If the problem is inside Geant4, then loop(s), which provoke the crash, likely are not infinite but very long. In Geant4 after 7_1 many fixes and protections for long loops were introduced. Most are included into Run-2 legacy 10_6 (Geant4 10.4.3).
If indeed we want to understand what happens, then as the first step it would be needed to run a test, in which GEN-SIM step is substituted by GEN only step as @davidlange6 proposed. This would be a minimal check. If Geant4 is responsible, I am not sure if we should do next steps.

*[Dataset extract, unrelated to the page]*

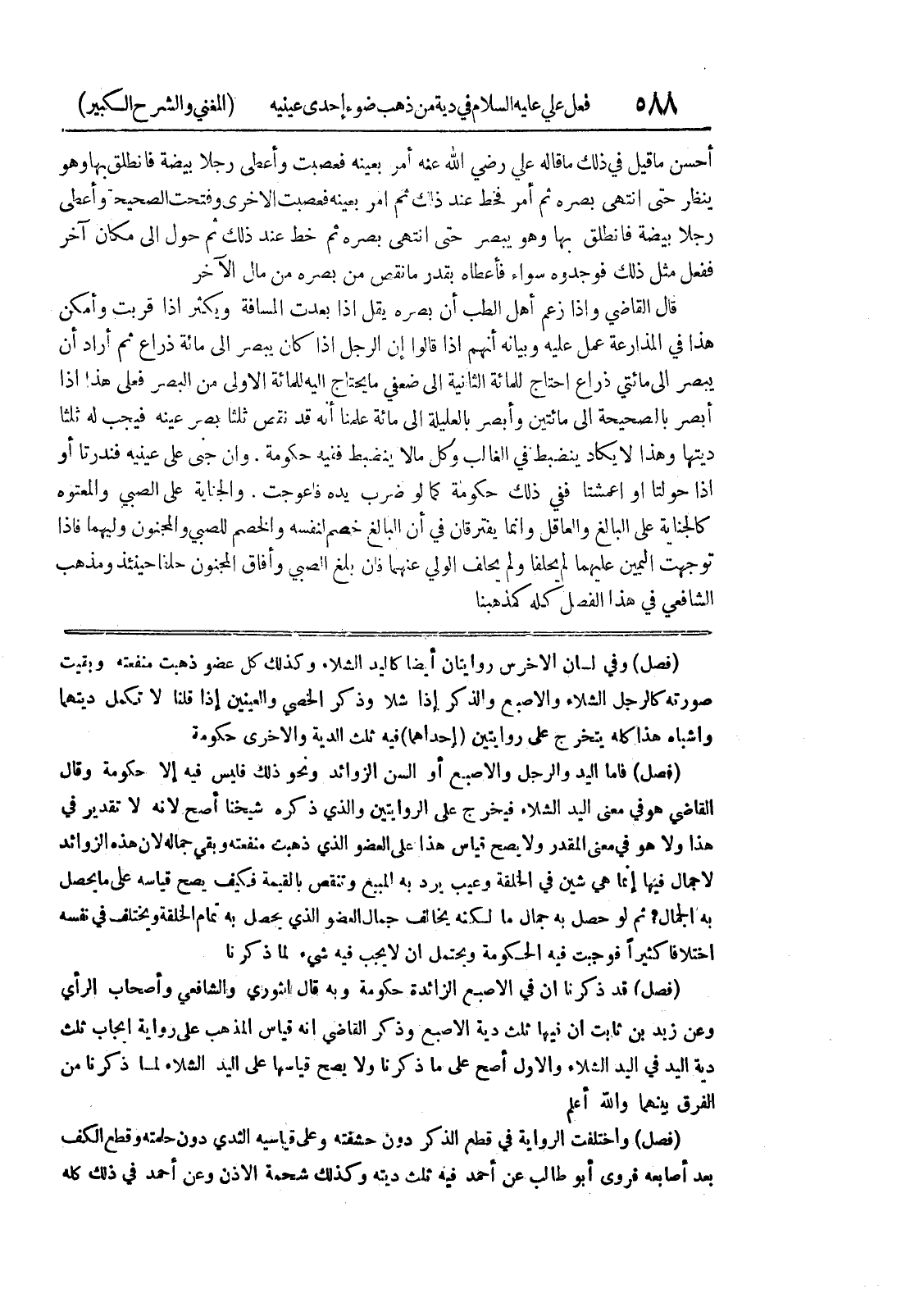 هذا ولا هو في معنى المقدر ولا يصح قياس هذا على العضو الذي ذهبت منفعته وبقي جماله لأن هذه الزوائد لا جمال فيها انما هي شين في الخلقة وعيب يرد به المبيع وتنقص بالقيمة فيكيف يصح قياسه على ما يحصل به الجمال؟ ثم لو حصل به جمال ما لكنه يخالف جمال العضو الذي يحصل به تمام الخلقة ويختلف في نفسه اختلافاً كثيراً فوجبت فيه الحكومة ويحتمل أن لا يجب فيه شئ لما ذكرنا (فصل) قد ذكرنا أن في الأصبع الزائدة حكومة وبه قال الثوري والشافعي وأصحاب الرأي وعن زيد بن ثابت ان فيها ثلث دية الأصبع وذكر القاضي أنه قياس المذهب على رواية ايجاب ثلث دية اليد في اليد الشلاء والأول اصح على ما ذكرنا ولا يصح قياسها على اليد الشلاء لما ذكرنا من الفرق بينهما والله أعلم (فصل) واختلفت الرواية في قطع الذكر دون حشفته وعلى قياسيه الثدي دون حلمته وقطع الكف بعد اصابعه فروى أبو طالب عن أحمد فيه ثلث ديته وكذلك شحمة الأذن وعن أحمد في ذلك كله

Dear experts, this issue is a follow-up of this thread on CMS talk: https://cms-talk.web.cern.ch/t/externallheproducer-fatal-exception-lhe-file-contains-more-events-than-requested/8904
During the validation of several requests on McM (e.g. HIG-RunIISummer15wmLHEGS-05269), the following fatal error appears:
----- Begin Fatal Exception ----------------------- An exception of category ‘EventGenerationFailure’ occurred while [0] Processing run: 1 [1] Calling endRun for unscheduled module ExternalLHEProducer/‘externalLHEProducer’ Exception Message: Error in ExternalLHEProducer::endRunProduce(). Event loop is over, but there are still lhe events to process.This could happen if lhe file contains more events than requested. This is never expected to happen. ----- End Fatal Exception ------------------------------------------------
From PdmV side, several attempts have been made to change the SEED during validation, without success. From GEN side, the request setup is correct. Attached you can find the log of the validation failure [McM] Validation failed for HIG-RunIISummer15wmLHEGS-05269.pdf. From the log, seems that G4 crashes after some Pythia8 errors that are not stopping the execution of the job.
Currently this issue is blocking the McM validation, hence the MC production of these requests.
Best, Tommaso
PS: A workaround that worked, for the moment, is to increase the time/event, tricking the system to run lesser events and therefore avoiding the bugs. This of course does not solve the issue but avoids it, and in tier sites can still happen.